=== DATA SUPPLIED ===

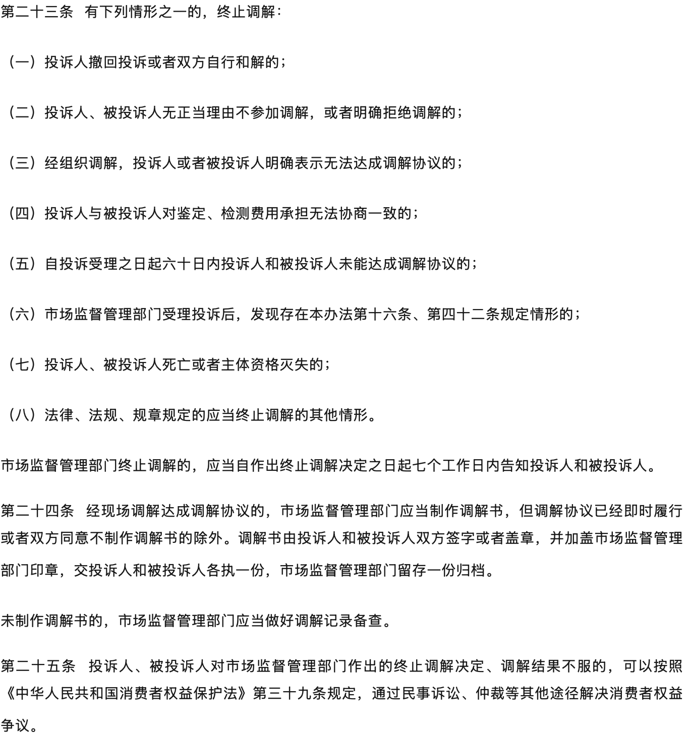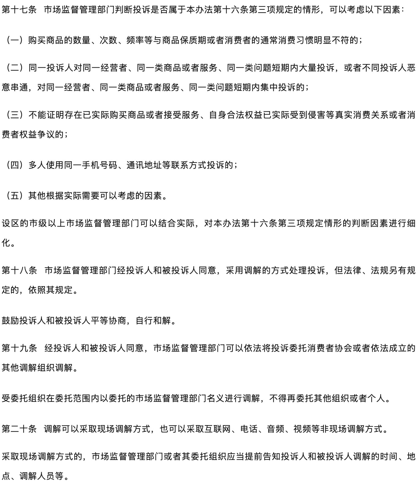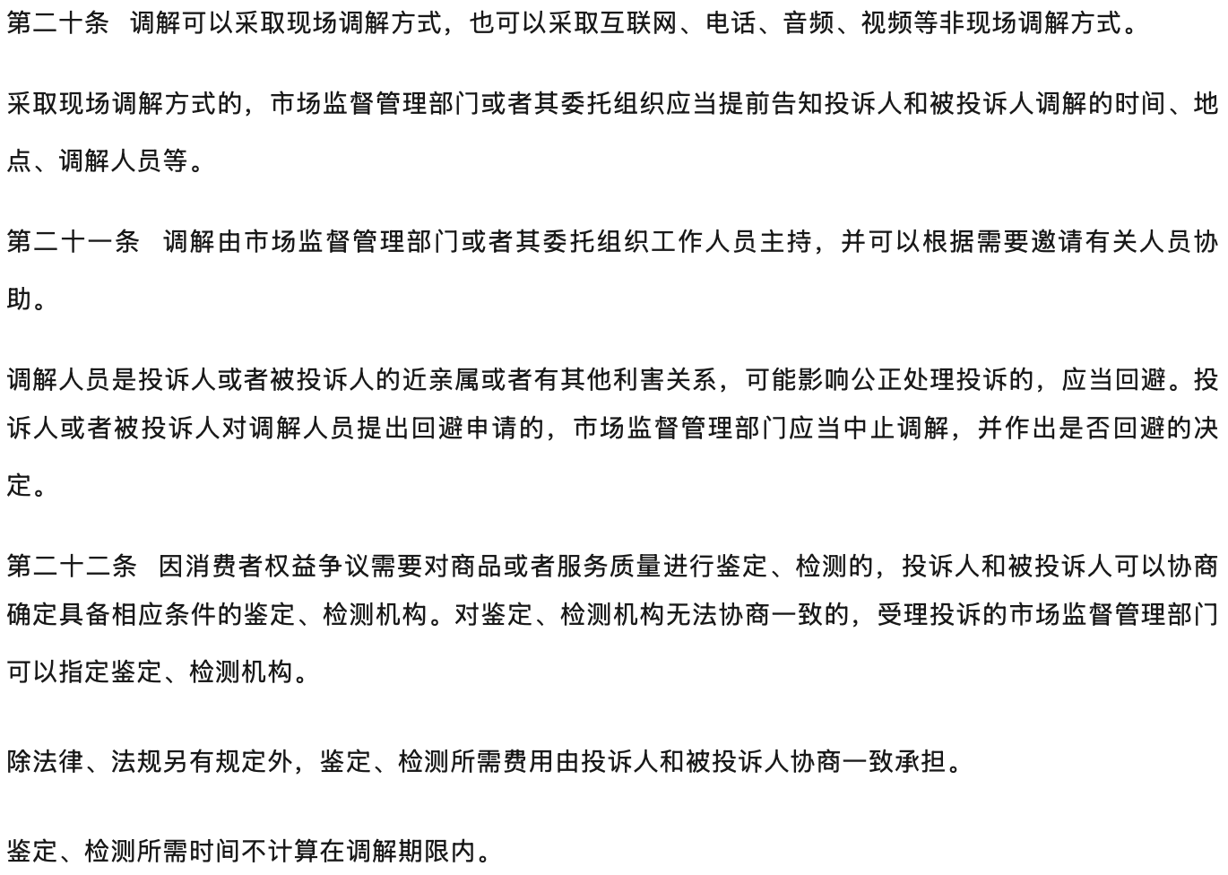 | 强化权益保护,推动纠纷化解。完善行政调解程序,对投诉不予受理的告知、鉴定检测程序、委托调解、调解期限、调解的救济等作了增补修改;新增投诉处理的回访问效要求;新增规定开展消费预警和风险提示,引导经营者通过消费维权服务站、首问负责、先行赔付、在线争议解决等机制预防和解决消费者权益争议,推动消费环境源头治理。 |
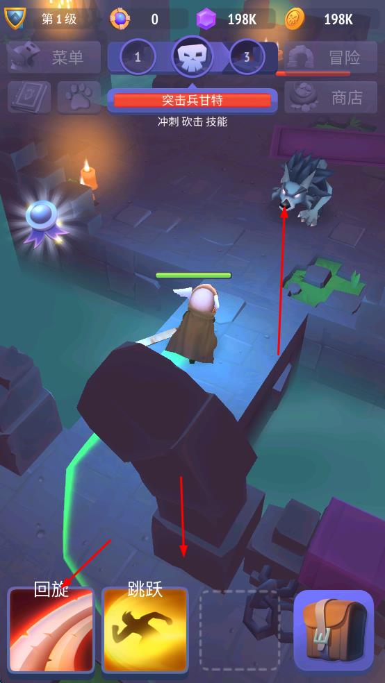 3、若需要调整角色位置或躲避敌人技能,点击“跳跃”按钮,让角色进行跳跃,到达合适的位置后,再次准备释放技能或继续与敌人战斗,确保能顺利击败敌人推进游戏。
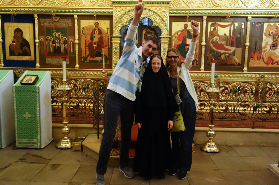 3 июля 2018 года нашу обитель посетили футбольные болельщики из Аргентины и Перу. Марина и Филипп из Аргентины поддерживают не только команду своей страны, но болеют и за российскую сборную. Они пришли в обитель, чтобы помолиться и попросить молитв за близких. Посещение монастыря произвело на них самое благоприятное впечатление. Они выразили радость, что посетили столь древнюю, действующую московскую обитель, в которой их с любовью приняли. Приходящие в обитель глубоко тронуты тем, что обитель – это не только памятник, но в ней есть внутренняя монашеская жизнь и теплится молитва.
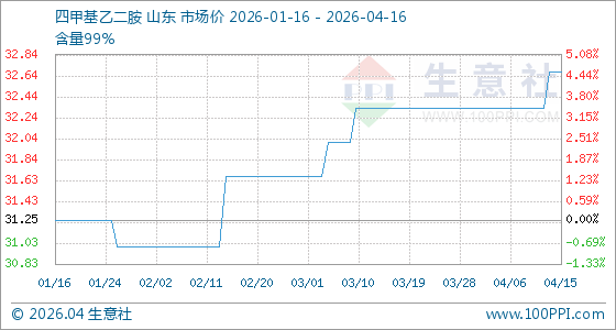 4月16日生意社四甲基乙二胺基准价为32.67元/千克
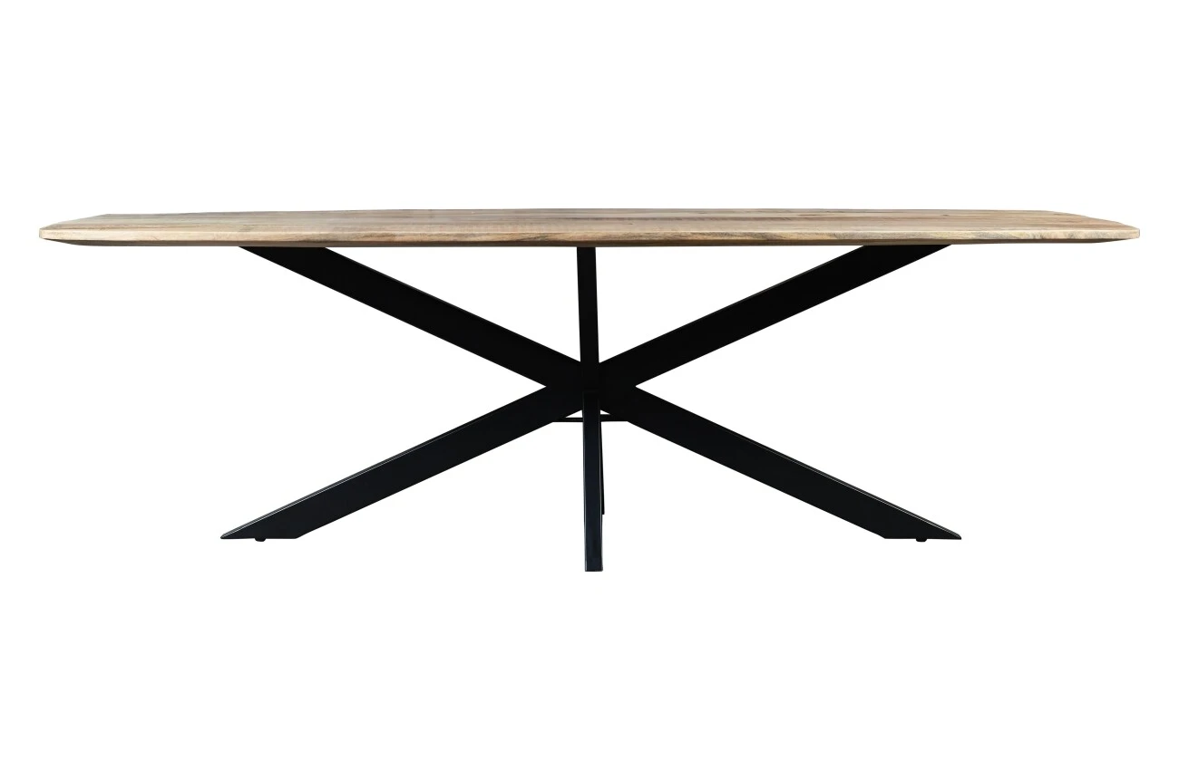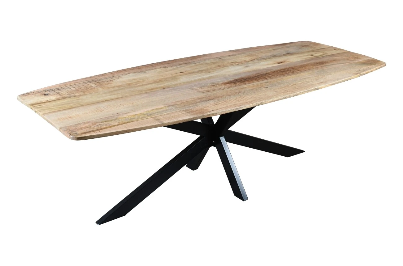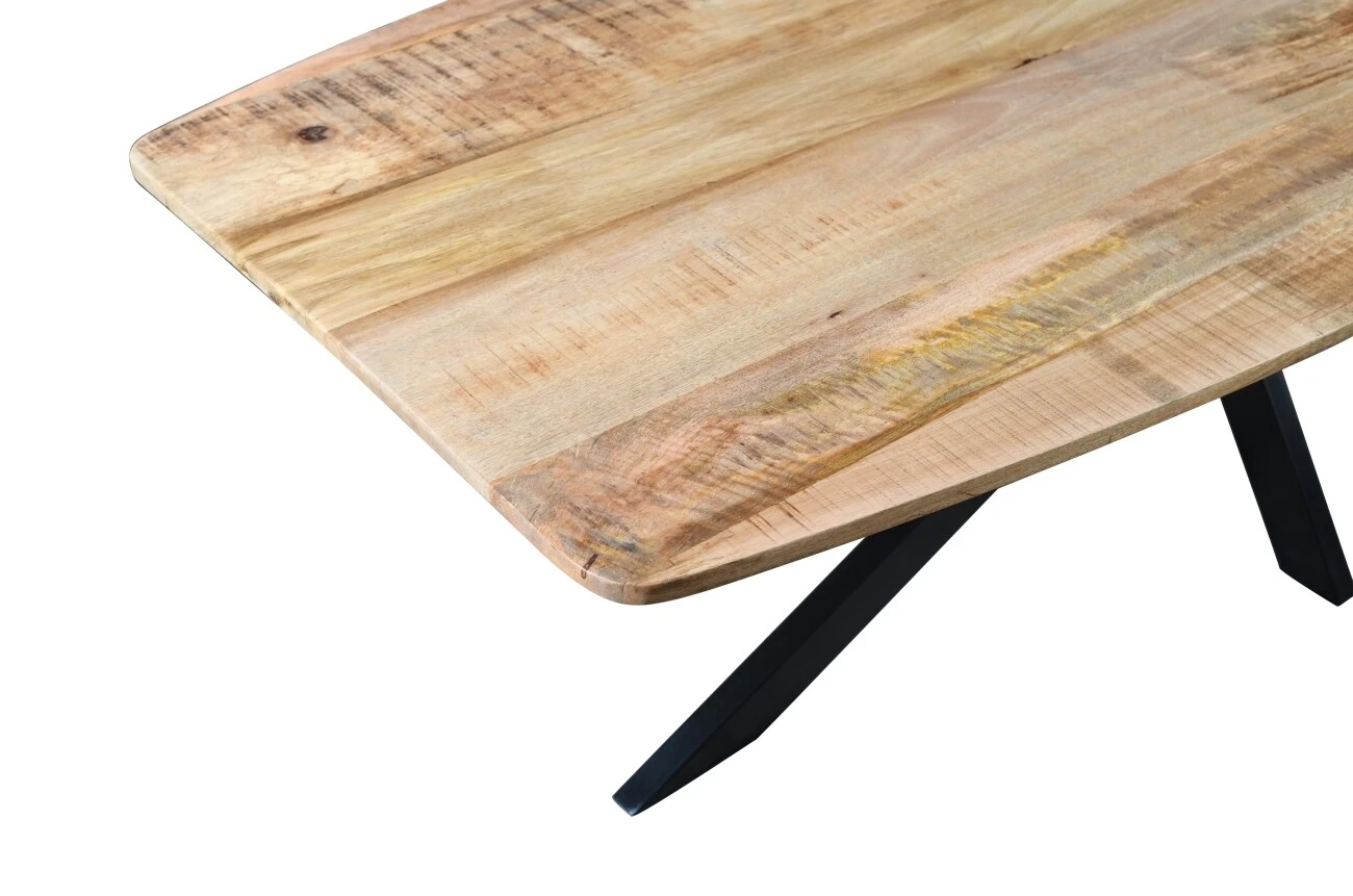 Der Esstisch Dänische Oval ist ein moderner Esstisch. Der Esstisch erhält seine moderne Form durch seine dänische Ovalform und die facettierte Kante. Die Platte ist aus massivem Mangoholz gefertigt und hat eine Dicke von etwa 5,5 cm. Die Platte ist natürlich lackiert, wodurch sich der Tisch leicht mit verschiedenen Interieurs kombinieren lässt.

===

§ **WHAT NEEDS TO BE DONE**:
Look through the listing above for the line with "3 июля 2018" and the line with "4月16日生意社四甲基乙二胺基准价为32.67元/千克". Write out exactly those lines and everything between, leaving out pictures.

§ **SOLUTION TO THE EXERCISE**:
 3 июля 2018 года нашу обитель посетили футбольные болельщики из Аргентины и Перу. Марина и Филипп из Аргентины поддерживают не только команду своей страны, но болеют и за российскую сборную. Они пришли в обитель, чтобы помолиться и попросить молитв за близких. Посещение монастыря произвело на них самое благоприятное впечатление. Они выразили радость, что посетили столь древнюю, действующую московскую обитель, в которой их с любовью приняли. Приходящие в обитель глубоко тронуты тем, что обитель – это не только памятник, но в ней есть внутренняя монашеская жизнь и теплится молитва.
 4月16日生意社四甲基乙二胺基准价为32.67元/千克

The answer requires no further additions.